Calories Burned on Apps

How do they come up with the calories burned figure on exercise apps. Th elliptical machine at the gym says 400 in 30 minutes. One biking app says 1000+ for a 20 mile bike ride in 1 hour 20 minutes. A different app says 550 for the same ride. I’m not counting calories, just curious about the method they use to calculate.

I’ve seen legit exercise studies that show on how many calories are burned under different cricumstances. I know how they measure it; however, these are estimates at best and depend greatly on the conditions, your fitness level, etc. For example, I do a lot of hiking and have seen apps that give me 100 to 200 calories burned for every mile I hike. The app knows my speed and elevation changes, but it’s still just an estimate. Whether I am burning 100 or 200 calories for every mile I hike doesn’t matter much to me, as long as I am burning calories!

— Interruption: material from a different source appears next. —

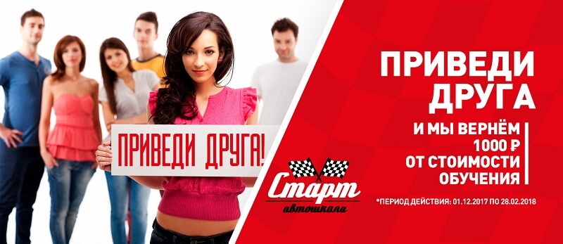 Адаптируйте условия промо-акции под собственные цели и специфику ниши. К примеру, у автошколы «Старт» три месяца действовала рекламная акция «Приведи друга». Каждому участнику на счёт возвращалась 1000 рублей от стоимости обучения. Это хороший ход – демонстрировать не абстрактный размер скидки, а конкретную сумму, которую сэкономит клиент.

it’s a technology called “WAG” or Wild-Assed Guess. If the tech is a bit more advanced, it uses things like asking for your weight, measuring activity (movement) with the sensors on the phone (or Apple watch) etc. All to better hone that guess.

But yes, my Bowflex C6 bike will tell me that I performed 375 calories of exercise, my Apple watch says 290, and the Peleton app on the iPad says 165. The bike is probably most accurate, since it is using electrical resistance to put a load on the pedals, monitors speed, and knows how much energy I actually need to turn the wheel.

The Apple watch can get my resting and active heart rate, to make a better estimate than just “guess”. The Peleton app only knows the pedal cadence, not the resistance setting, so is making a less refined estimate. (and I probably weigh more than their typical client).

I wonder if some apps are calculating how much mechanical work you’ve done and expressing that in calories, while other apps might be assuming a value of thermodynamic efficiency for the human body and calculating how many calories of food you need to take in to offset the mechanical work you’ve put out. The latter would be of more interest to people, because it would tell them how many energy bars they could eat without expecting to gain weight.

Most calorie-counting apps probably use a pre-determined metabolic equivalent of task value for the activity, and then a simple formula to factor in duration and your weight. That’s why the apps will have specific activities you can select, but also a custom workout that asks you to rate the intensity of the workout.

As a for-instance, this website uses:

Total calories burned = Duration (in minutes)*(MET * 3.5 * weight in kg)/200

So an elliptical at the gym probably (WAG here on my part) determines your calories burned as an ongoing recalculation of your MET based on your speed/resistance/elevation, as well as other provided data (a lot of them let you enter your age and weight, and have ways to track your heart rate). Or possibly it doesn’t measure anything and just has pre-determined values based on a single setting.

But it’s never going to be more than a very broad estimate.

In a lab, they can measure it by hooking up hoses to an athlete’s face, and measuring the amount of oxygen they’re consuming. The metabolic processes are fixed and known, so given the amount of oxygen, you can determine the number of Calories. Presumably, they do this for a whole bunch of test subjects of different heights, weights, genders, etc., so they can interpolate what any given person will burn.